Rust speckled the surrounding pod. Knobs and gauges glowed on the command center, one flickering. The engines hummed and stars glimmered through a porthole in the sealed door.
He blinked, adjusting to the lights. His arms ached, and his tongue stuck to his mouth. Through his mind’s eye, a blurry crowd roared in ovation. Many smiled, some laughed, some stared like stone soldiers. He recognized only two, but they all knew his name and shouted it between cheers and hoorahs. Mason. Mason. Mason. He squeezed his eyes shut, fantastical colors flashing, but no memory after the crowd. No mission or objective or reason for the gathering.
Mason squinted in the white lights. Why was he there? A black uniform clung to him with openings only for his hands and head. The insignia of Cecilio was sealed over his heart; a silver C surrounding a crimson star. The emblem of the Federal System shimmered beside the C with four other stars, two red and two yellow.
Mason nodded. Another mission for Cecilio. But alone?
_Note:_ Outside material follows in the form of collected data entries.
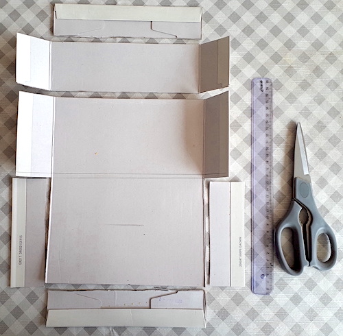 5.Dans un morceau de carton découper un rectangle de la hauteur de la boite et de la largeur de la boite + 4 cm (rectangle A)
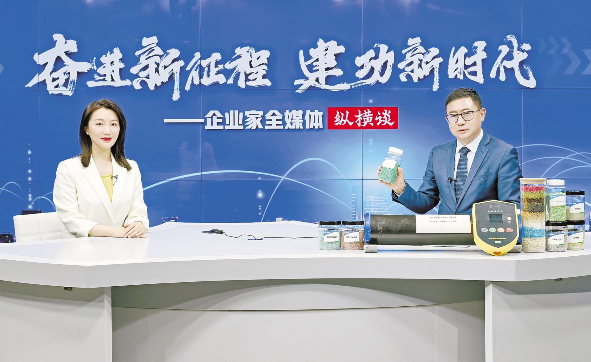 4月21日,湖北富邦科技董事長王仁宗(右)做客企業家全媒體縱橫談。 (湖北日報全媒記者 倪娜 攝)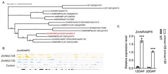 The identification of ZmNRAMP5 as the direct target gene of ZmNAC128 and ZmNAC130. (A) A phylogenetic analysis depicting the relationship among NRAMP proteins from maize, rice, and Arabidopsis. The tree was generated by MEGA11 software using the blastp result of NRAMP protein sequences. Blastp is performed by phytozome v13 and the N-J method is used with 1000 bootstrap. (B) DAP-seq analysis shows the binding peaks of ZmNAC128 and ZmNAC130 on the promoter of ZmNRAMP5. (B) A real-time PCR indicating the relative expression levels of ZmNRAMP5 in 12- and 20-DAP endosperms of the zmnac128 zmnac130 mutant compared to those of the WT. ZmActin was used as a reference gene for normalization. (C) DLR assays detecting LUC activities driven by the ZmNRAMP5 promoter in the presence of ZmNAC128, ZmNAC130, or both. Empty, the negative control. The data represent the mean ± SD of 3 independent samples (B,C). Significant differences (*** p < 0.001) were determined using a Student’s t-test (B). Different lowercase letters indicate significant differences according to a one-way ANOVA with Tukey’s multiple comparisons test (p < 0.05) (C).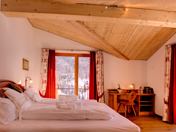 Tucked against a beautiful hillside, the numerous balconies and large terraces give you bird’s eye views of the village and the surrounding mountains, encompassing all three of Zermatt’s ski areas. This is an ideal location being close to the main lift station, the ski runs and the village centre. Chalet Gemini is immediately opposite Chalet Castor.
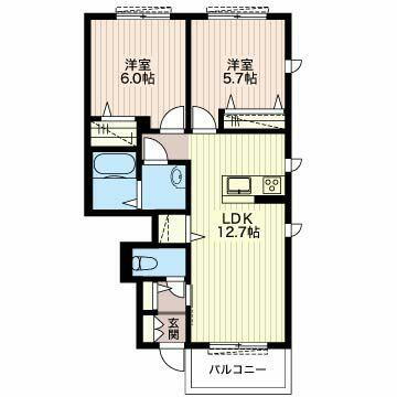 | 間取り | 2LDK(LDK12.7帖 洋室5.7帖 洋室6.0帖) | 築年月(築年数) | 2015年1月(築10年12ヶ月) |
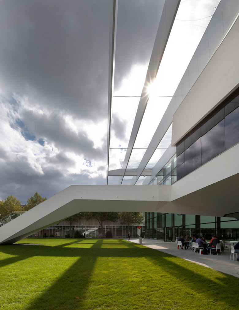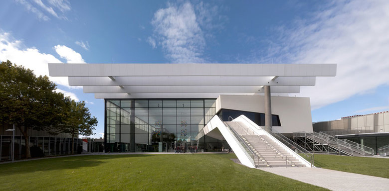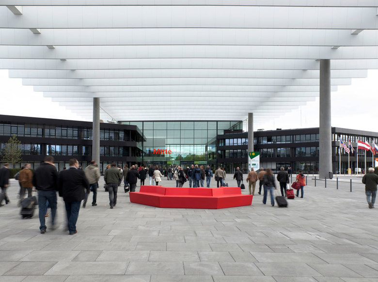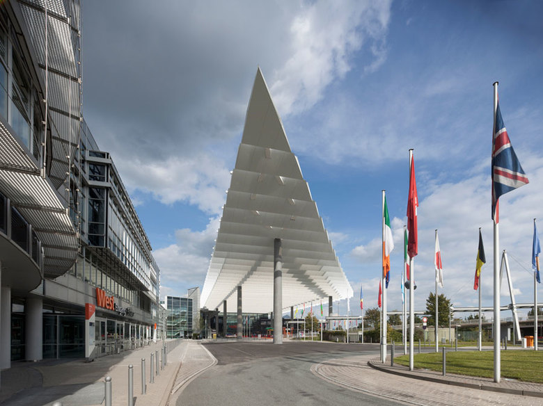 ADDED VALUE: Der Bau eines weiteren Konferenzraumes und die Vergrößerung des Eingangsfoyers würden zwar die Kapazitätsengpässe der Messe beheben, wären aber nur ein weiterer additiver Baustein der seit den 60er Jahren mehrfach ergänzten Messe. Der Entwurf schafft mit dem 250m langen Lamellendach zusätzlich ein Superzeichen, das mehrere Funktionen gleichzeitig erfüllt: Es ordnet die verschiedenen Bauteile der Messe, gibt ihr eine eindeutige Adresse, verbindet Innen- und Außenräume und definiert ein „urbanes Foyer“, das sich von der Zufahrt über den Vorplatz, den Eingang, das Hauptfoyer bis in den neuen Messepark erstreckt.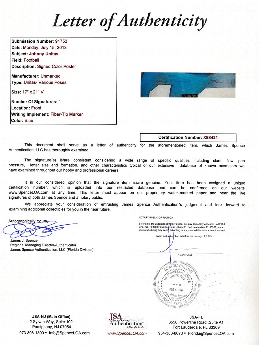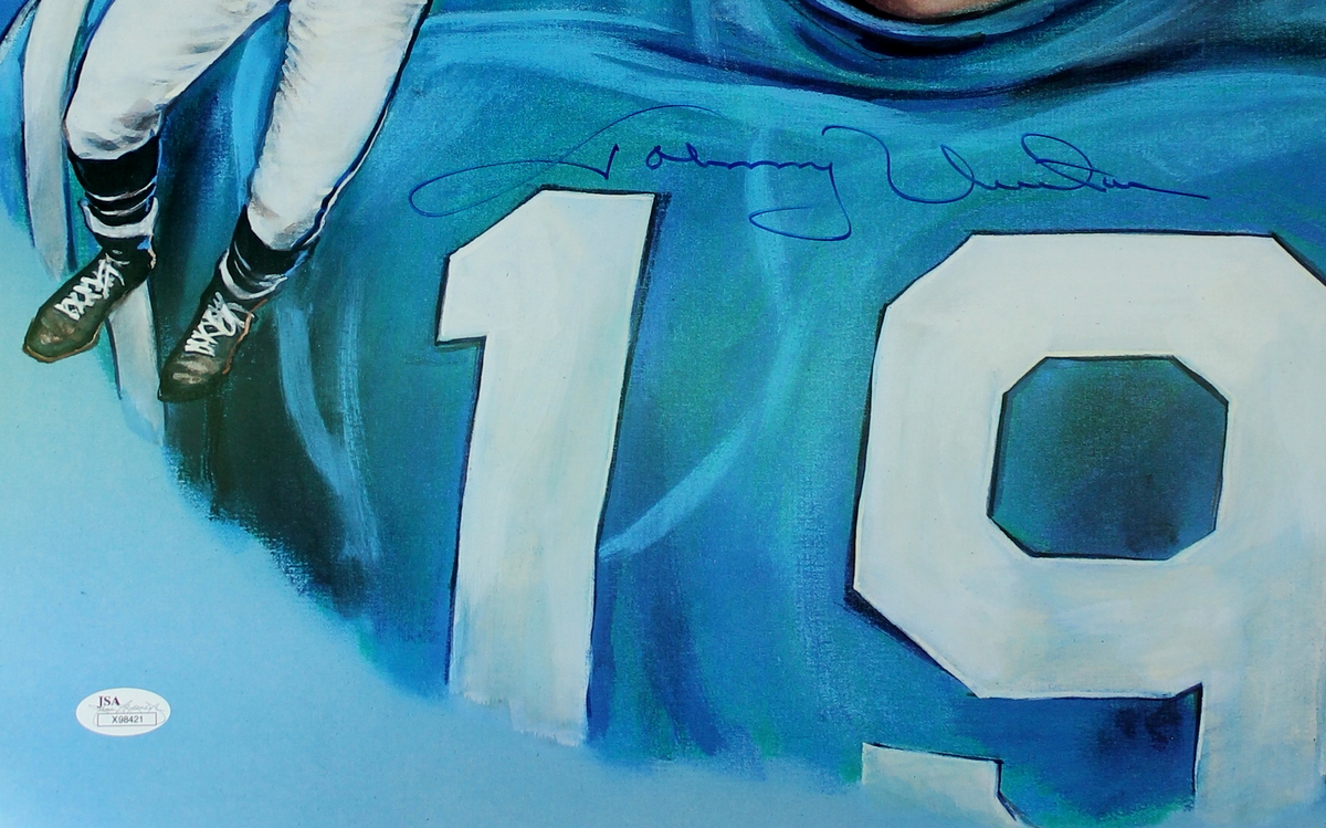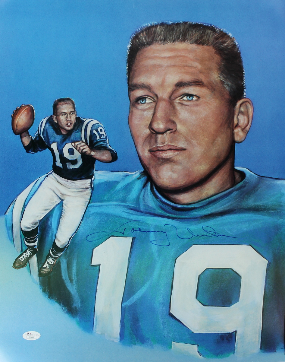Lithograph measures 17" x 21" in size. Lithograph has been hand-signed in blue felt-tip pen by Johnny Unitas (D 2002, Colts HOF). Autograph includes an official James Spence Authentication (JSA) Hologram and matching LOA for authenticity purposes.

An egg-like chamber stood behind him, bolted to the deck; a black screen embedded in its open door. An identical chamber stood next to it, open as well, with its young passenger spinning and reaching in the weightlessness. An enemy? The kid wore the same black uniform, but with a Kisasi pistol fastened to his side. Cecilio’s insignia gleamed off the handle. A partner. Age twenty? Maybe twenty-one? Mason recognized his face, but the name—what was his name?
The kid’s dark gaze flashed. “What do you want?” he slurred.
Mason scanned the pod. No other chambers. Just him and the kid. “Mission.” His tongue ached forming the two syllables as he approached the porthole. Stars burned like muzzle flashes, and a great black sphere eclipsed thousands of them. Another ship—the objective. A ring revolved around its middle and twin engines burned blue. No other light shone from it. Mason turned back to the pod. White suits hung on the bulkhead, billowing like ghosts in the weightlessness. Two helmets shimmered above, strapped to the bulkhead.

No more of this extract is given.